Things started to change in 2008 when Julie ran her first 5k.  I am only a runner because Julie is a runner.  In 2009, I ran the 10k in the River Bank Run with her and I had to train for it throughout the winter because while I considered myself an athlete, I wasn't a runner.  Every year since then, I have had a race of at least 15 miles for each spring that I had to train throughout the winter for.  It forces me to get outside and to exercise since I can't not train and treadmills and I don't have a good relationship.  To recap though, 2009 was the RBR 10k, 2010 was the RBR 25k, 2011 was the Lakefront Ultra 50k when I really became a distance runner, 2012 was the RBR 25k (again), 2013 was the Lakefront Ultra 50k (again), this past year was the Indy Mini (Half-marathon), and next May will be the Flying Pig Marathon out in Cincinnati.  I don't know if this has been my saving grace from struggling through the winter even more, but it certainly hasn't hurt.  Just to let you know, I went through an 8 miler this morning where it was even colder, yet it was still beautiful.

Tuesday, November 11, 2014

I'm gonna relax like everybody should

One of the best things about growing up is learning who you are and becoming comfortable with that.  I can say without hesitation now that I am an introvert.  In high school/college, I always had these ideas that what the cool kids liked best was going out to these big parties where you have the opportunity to meet all of these new people.  I wasn't cool enough to get invited to anything like that anyway, but that was never something I enjoyed.  I hate small talk.  I am bad at it and just straight up don't enjoy it.  I would love to have a meaningful conversation to you but mindless banter straight up drains me.  Do I want to go to a large party where I don't know anyone?  Absolutely not; I'd rather stay in and do nothing.  Do I want to go to a large party where I know practically no one but I'm going with my girlfriend who is sensitive to this and sticks by me because she knows these types of things about me?  Sure, why not? This gives me the chance to get to know a few of the people she knows and likes.  Do I want to go to a small party with Lindsey and a few of these friends she has introduced me to?

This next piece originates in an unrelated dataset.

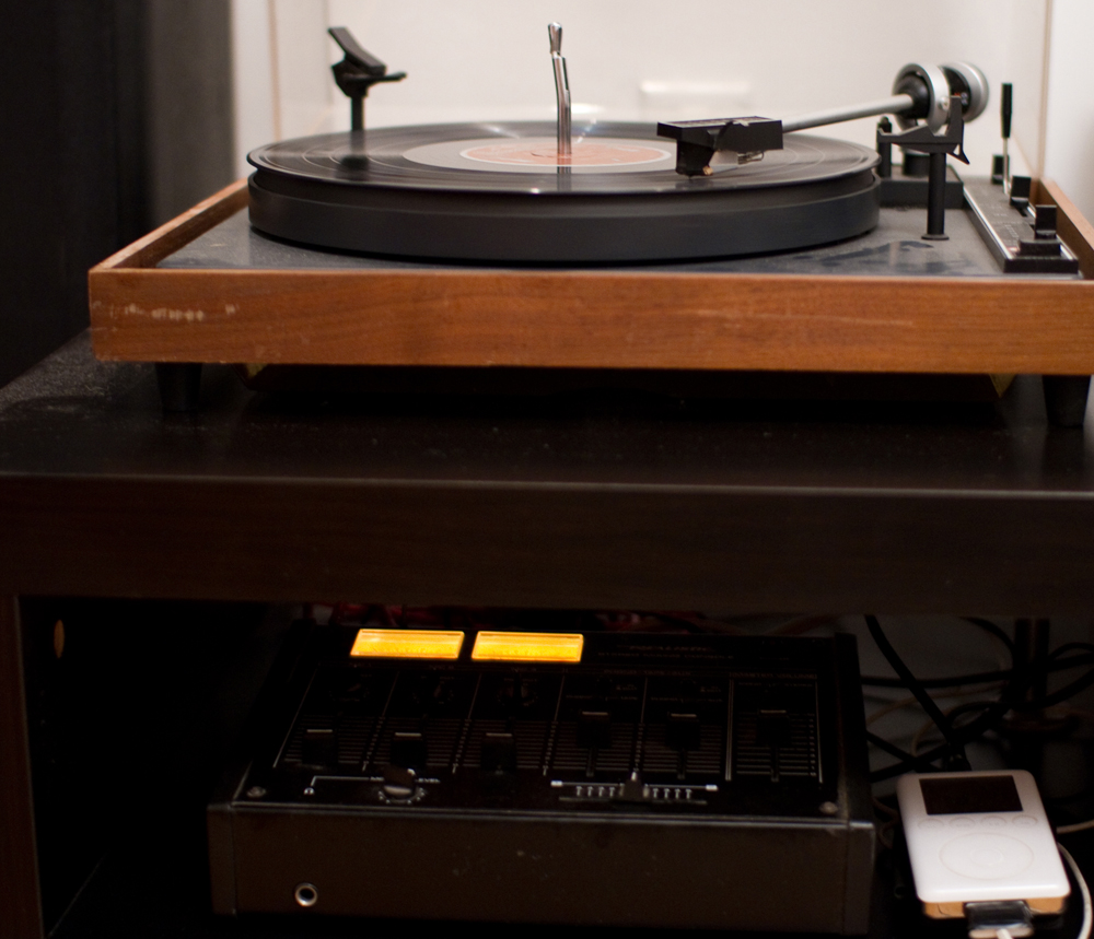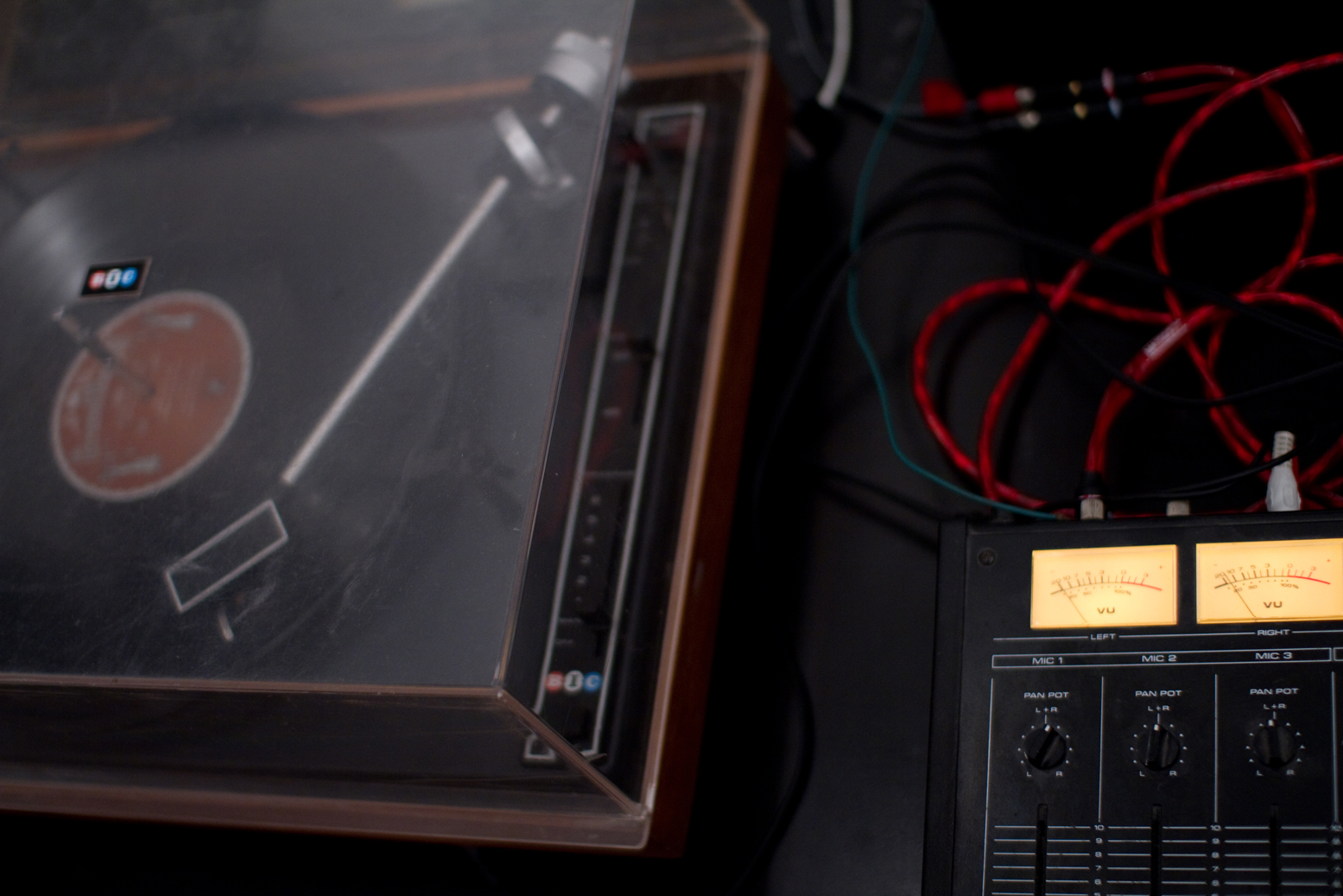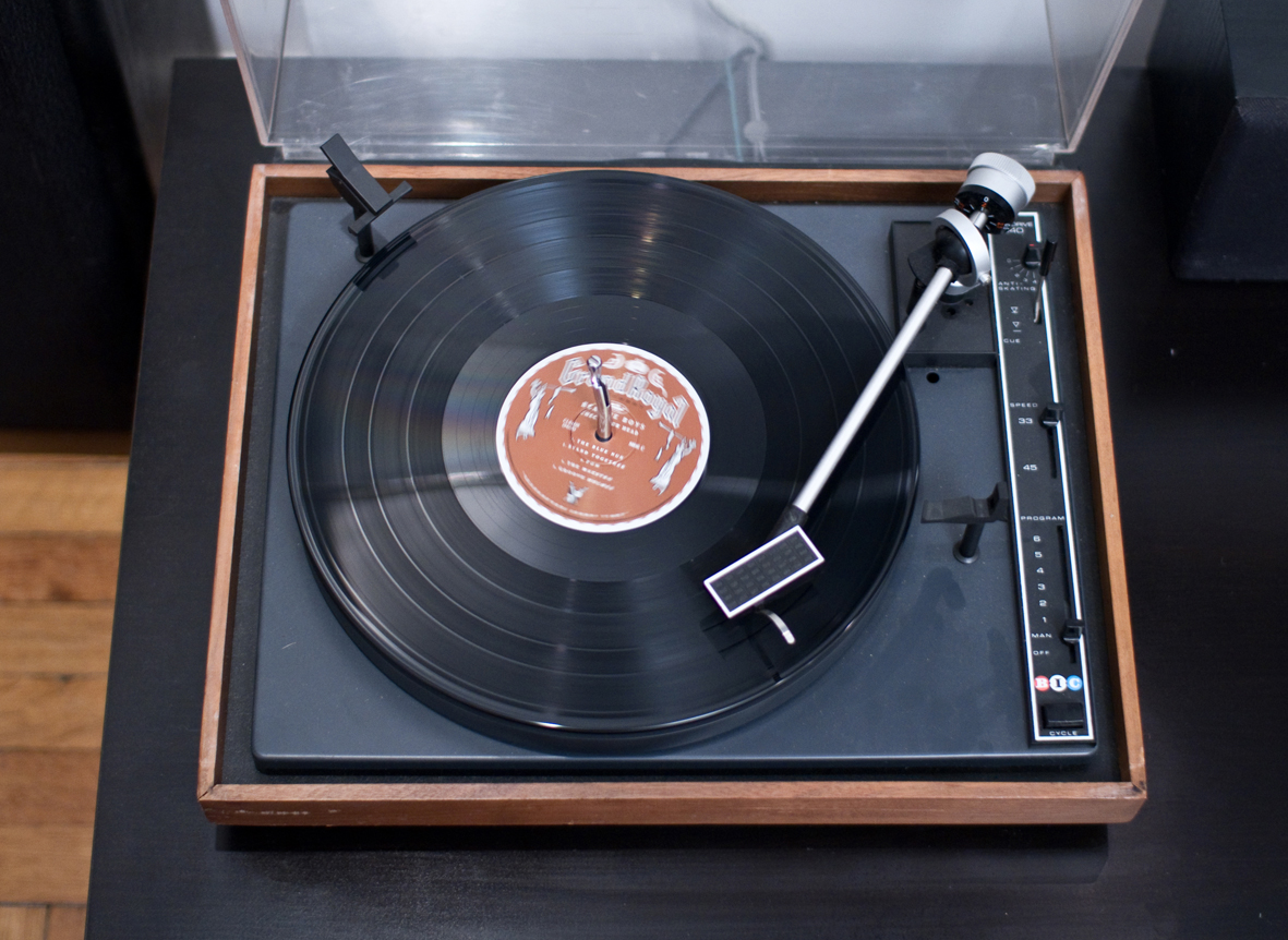 I tried just rigging it anyway, but it was barely audible. Thankfully, I had an old mixer from a former life, when I aspired to having DJ skills, complete with ground terminals for magnetic cartridge turntables (and analog pre-amp level meters). I’m sure that Reagan was a little bit nervous at first, with all of the cables snaking everywhere. But eventually I was able to get it all arranged and normal looking. Also, it sounds fabulous. Thanks for the LP, Reag. Thanks for the turntable, random WaHi resident.

Definitely.  It is a little less fun though when the majority of those people are cheering for Ohio State and MSU craps the bed and now I'm getting trash talked by the host who is half my size.  I'm in an introvert but I still need to spend some time with other people.  I just want to do it a few people at a time and on my own terms.

Monday, November 3, 2014

What you want me to say?

A quick update on October.  There have been a lot of other possible posts brewing, but nothing substantial as of yet that I feel the need to get out.

1) Work harder - Same story as before.  I've been in the gym every MWF morning no later than 6:30 so I'm looking a little bigger, but running has been terrible.  I put in less than 20 miles for all of October and this needs to get better and fast which will be an issue as it gets cold.  Work for AU has been fine and its gotten busy but not with anything out of the normal.

2) Play harder - In any of the usual ways, no.  In my newfangled socialite ways, sure.  This is what happens when you date an extrovert; you go to parties and its fun but its totally draining.  I did get out to Turkey Run with Lindsey and a few others though.

3) Travel more - Outside of that trip to Turkey Run, all I had was a quick trip up to Chicago to present a math talk at Trinity.  November will bring the trip home for Thanksgiving, but very likely nothing more.

4) Read more - I finished off Robert Ressler's Whoever Fights Monsters, Jeff Vandermeer's Annihilation and Gillian Flynn's Gone Girl.  They were definitely some interesting reads with some interesting characters.

5) Drink better beer - Finally, a goal I succeeded in for the month.  I finally ended that case of Red Rye IPA as well as going through a few Union Jack IPAs from Firestone Walker.  The much more interesting day though was the game day I had with Lindsey and her friends Tim and Zach who are both beer nerds.  I can't recall half of the stuff we drank (all singles), but the most enjoyable one for me was Funky Gold Mosaic.